For the last 4 months I have been working on improving compilation of intermediate Cmm language used by GHC. Recently I am noticing some recurring problems in design of the Cmm pipeline.

Cmm

I already mentioned in my earlier post that Cmm is a low-level language, something between C and assembly. Cmm is produced from another intermediate language, STG. A single Cmm procedure is represented as a directed graph. Each node in a graph is a Cmm Block of low level instructions. Exactly one Cmm Block in a graph is an entry point – a block from which the execution starts when procedure represented by a graph is called. Most Cmm Blocks in a graph have at least one successor, that is node(s) to which control flows from a given Cmm Block. A Cmm Block may not have a successor if it is a call to another procedure, i.e. it passes flow of control to another Cmm graph. Each Cmm Block consists of a linear list of Cmm Nodes. A Cmm Node represents a single Cmm instruction like store to a register, conditional jump or call to a function.

Pipeline

Cmm representation produced by the STG -> Cmm pass is incomplete. For example operations on the stack are represented in an abstract way. It is also far from being optimal as it may contain lots of empty blocks or control flow paths that will never be taken. That’s why we have Cmm pipeline. It takes Cmm representation produced by the code generator1 and applies a series of transformations to it. Some of them are mandatory (like stack layout), while others perform optimisations and are completely optional. Here’s a rough overview of the pipeline:

  1. Control Flow Optimisations. Optimises structure of a graph by concatenating blocks and omitting empty blocks.
  2. Common Block Elimination (optional). Eliminates duplicate blocks.
  3. Minimal Proc-point set. Determines a minimal set of proc-points2.
  4. Stack Layout. Turns abstract stack representation into explicit stack pointer references. Requires proc-point information computed in step 3. Creates stack maps.
  5. Sinking pass (optional). Moves variable declarations closer to their usage sites. Inlines some literals and registers in a way similar to constant propagation.
  6. CAF analysis.
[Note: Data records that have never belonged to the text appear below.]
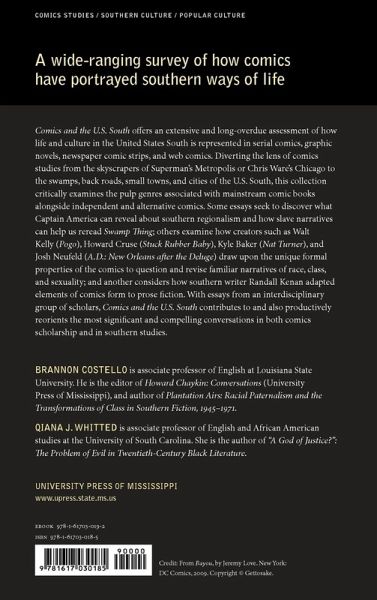 A wide-ranging survey of how comics have portrayed southern ways of life Contributions from Tim Caron, Brannon Costello, Brian Cremins, Conseula Francis, Anthony Dyer Hoefer, M. Thomas Inge, Nicolas Labarre, Alison Mandaville, Gary Richards, Joseph Michael Sommers, Christopher Whitby, and Qiana J. Whitted Comics and the U.S. South offers a wide-ranging and long overdue assessment of how life and culture in the United States South is represented in serial comics, graphic novels, newspaper comic strips, and webcomics. Diverting the lens of comics studies from the skyscrapers of Superman's Metropolis or Chris Ware's Chicago to the swamps, back roads, small towns, and cities of the U.S. South, this collection critically examines the pulp genres associated with mainstream comic books alongside independent and alternative comics. Some essays seek to discover what Captain America can reveal about southern regionalism and how slave narratives can help us reread Swamp Thing; others examine how creators such as Walt Kelly (Pogo), Howard Cruse (Stuck Rubber Baby), Kyle Baker (Nat Turner), and Josh Neufeld (A.D.: New Orleans after the Deluge) draw upon the unique formal properties of the comics to question and revise familiar narratives of race, class, and sexuality; and another considers how southern writer Randall Kenan adapted elements of comics form to prose fiction. With essays from an interdisciplinary group of scholars, Comics and the U.S. South contributes to and also productively reorients the most significant and compelling conversations in both comics scholarship and in southern studies. Brannon Costello, Baton Rouge, Louisiana, is associate professor of English at Louisiana State University and is the editor of Howard Chaykin: Conversations (University Press of Mississippi). Qiana J. Whitted, Columbia, South Carolina, is associate professor of English and African American studies at the University of South Carolina. She is the author of "A God of Justice?": The Problem of Evil in Twentieth-Century Black Literature.
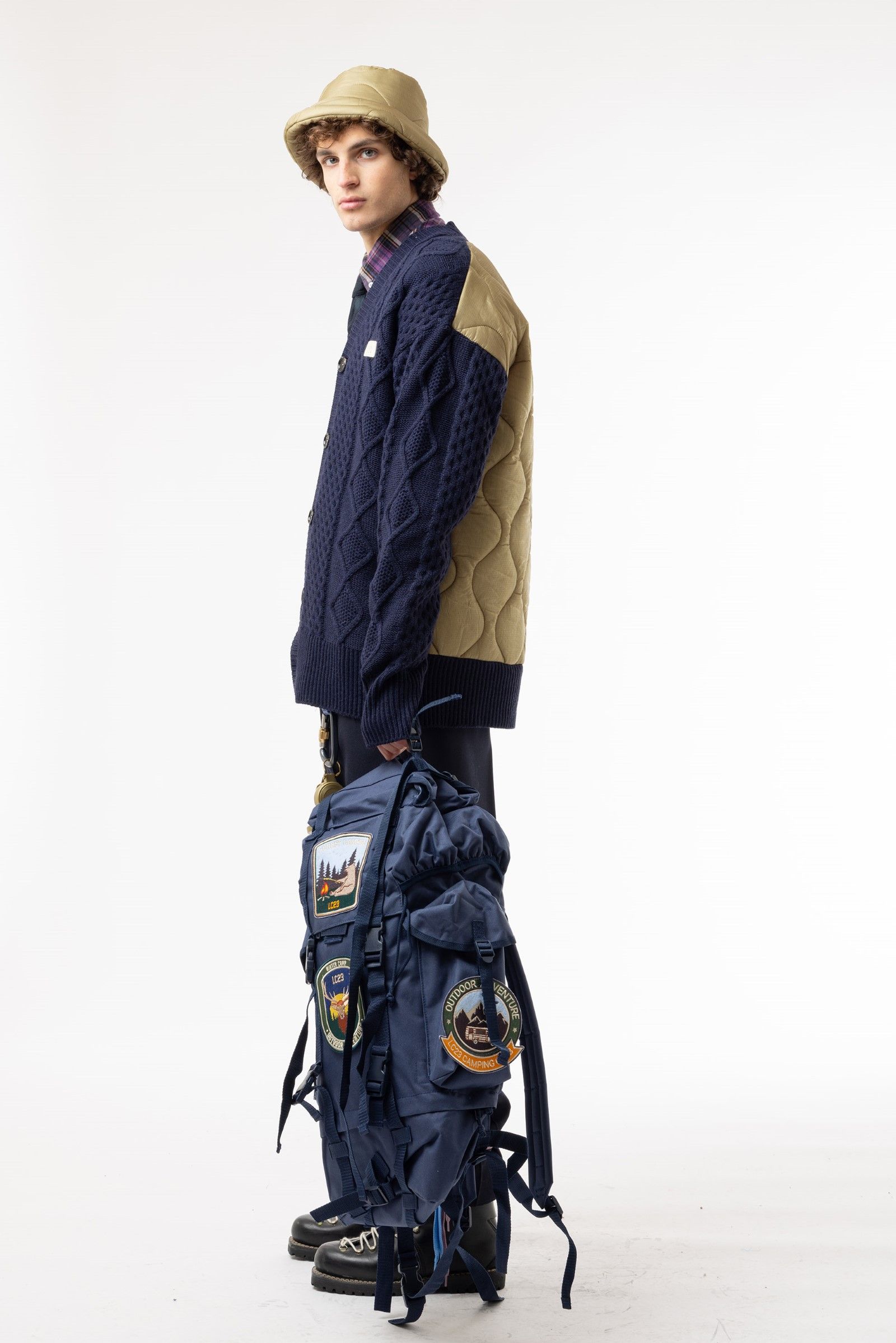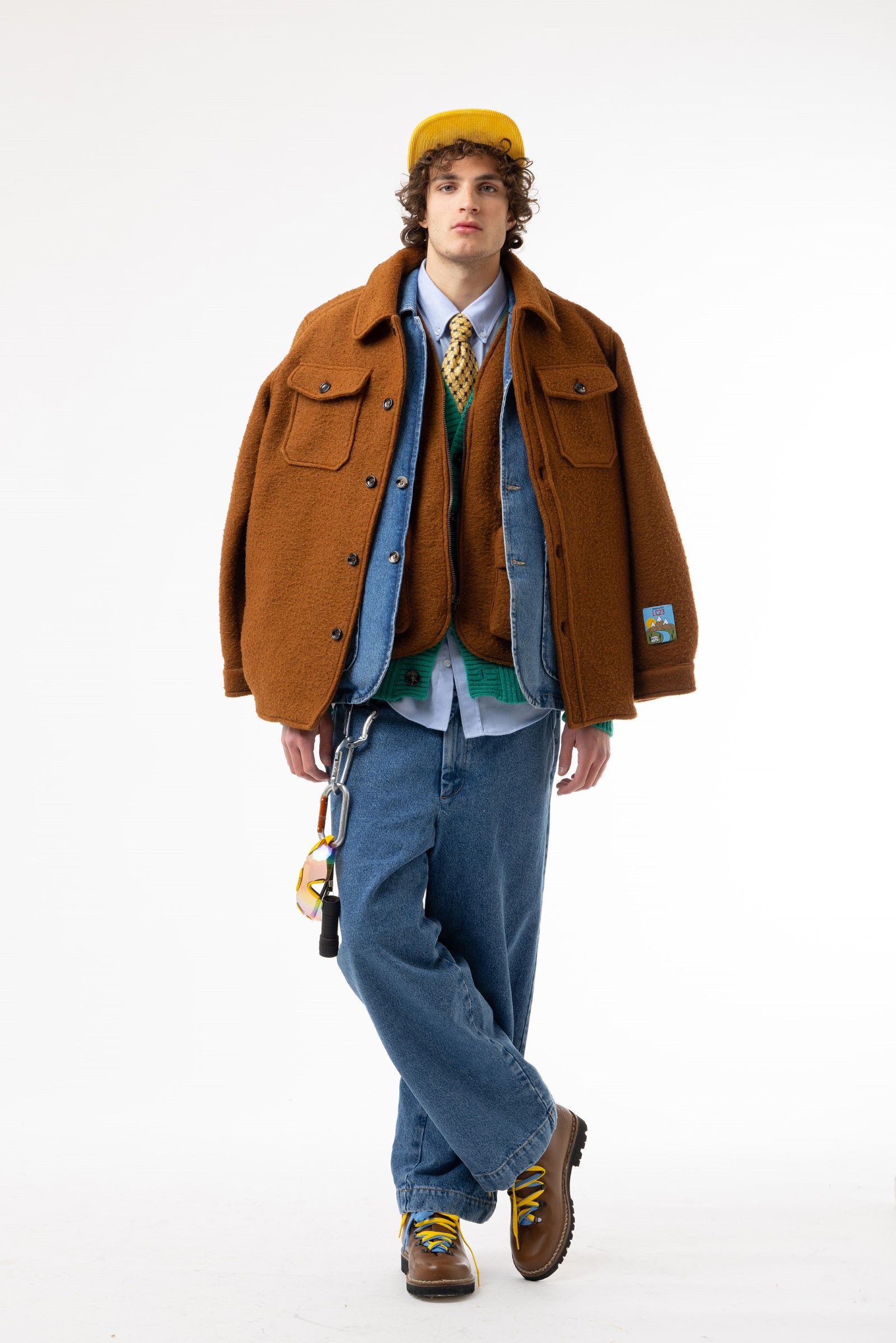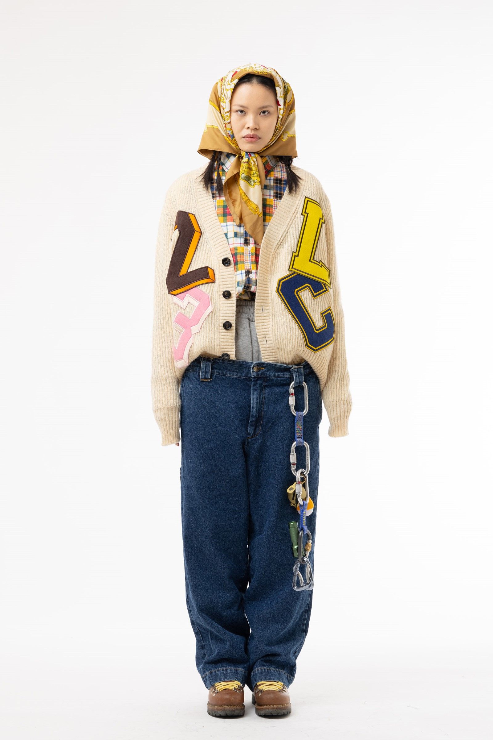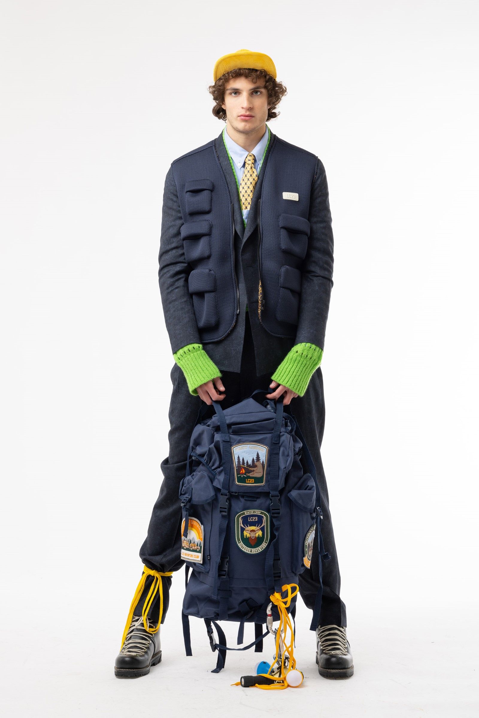 Negli anni lo stile di Colaccico e del suo LC23 è rimasto abbastanza coerente, mostrando una passione per le palette di colori vivaci, le consistenze morbide di maglieria e giacche di fleece e per la costruzione tattica dei capi più direttamente ispirati al mondo outdoor. In questa collezione nello specifico c’è una mistura tra l’estetica preppy dei cardigan, dei completi e delle camicie con un tocco dell’immaginario dei boyscout americani che si materializza attraverso patch, zaini, stivali da trekking e capi tecnici oltre che in classici accessori invernali come berretti o sciarpe.
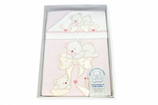SET 3 PEZZI COPERTA CULLA DISEGNO FIOCCO ROSA
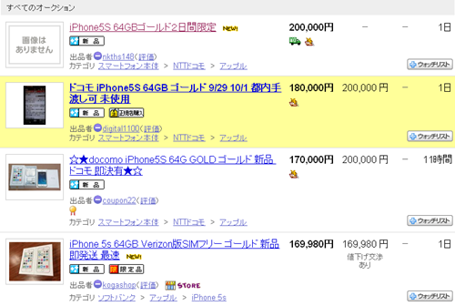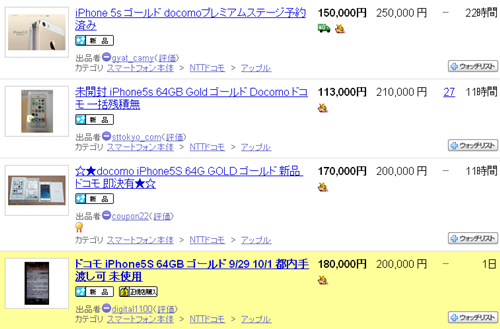 因此在雅虎拍賣上,5S金色更是一展土豪本色,拍賣價一直飆升。到了9月26日8時,雅虎拍賣上雖然推出了50臺以上的5S金色,很多人都出價15萬日元以上,也已經有人開價20萬日元,這個價格是市面上的2倍之多。但是不少商品的一口價都設定在20萬日元以上,截止到9月29日10時,最高的是25萬日元。iPhone5S在日本的普通售價在8-9萬日元左右(約合人民幣4980元-5604元)。
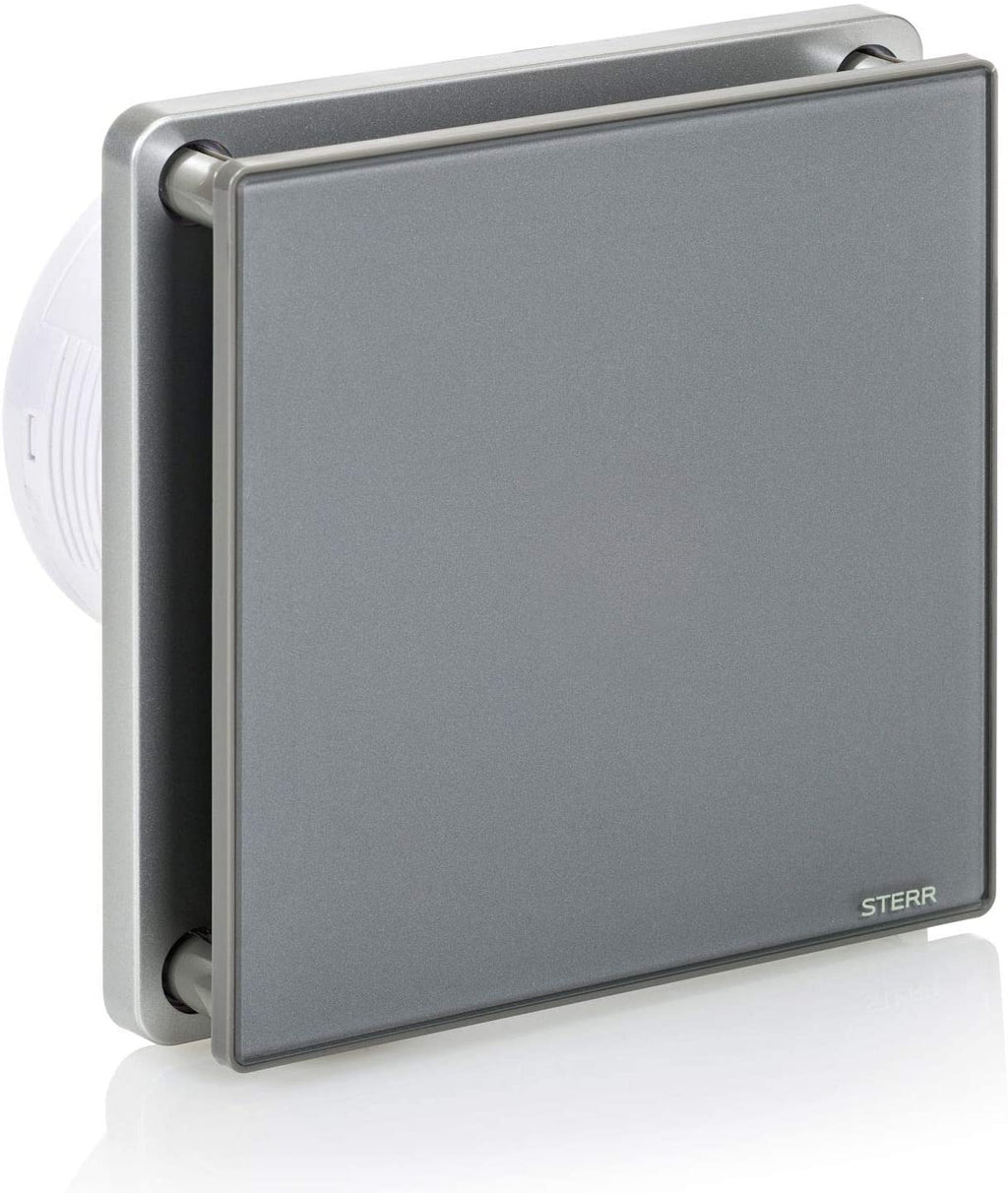 Badkamerafzuigventilator met glazen front, timer en intrekklep. Elegante en moderne uitstraling.
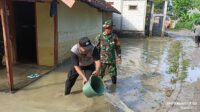 Polisi Bersama TNI dan Warga Gotong Royong Bersihkan Material Luapan Sungai Jurang Dandang di Nganjuk
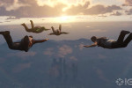 The SUV flies across the next set of railroad tracks but gets clipped by the train. The SUV spins and hits a pole. With the getaway vehicle disabled the crew is forced to continue to the helicopter on foot. While approaching a few farm buildings a sniper shoots "B". "T" takes cover and yells that someone went to the Feds. "M" stands over "B" - revealed to be named Brad - saying that he'll be fine but ends up getting shot as well.

Does analysis of constant-applicative forms (top-level declarations that don’t have any parameters). CAF information is returned by the Cmm pipeline together with optimized Cmm graph.
  7. Proc-point analysis and proc-point splitting (optional). Here the pipeline splits into two alternative flows. They are identical except for the fact that one branch begins by performing proc-point splitting. This means that blocks that were determined to be proc-points are now turned into separate procedures. Requires proc-point information computed in step 3.
  8. Info Tables. Populates info tables of each Cmm function with stack usage information. Uses stack maps created by the stack layout (step 4).
  9. Control Flow Optimisations (optional). Repeat control flow optimisations (step 1), but this time this is optional.
  10. Unreachable Blocks Removal. Eliminates blocks that don’t have a predecessor in the Cmm graph.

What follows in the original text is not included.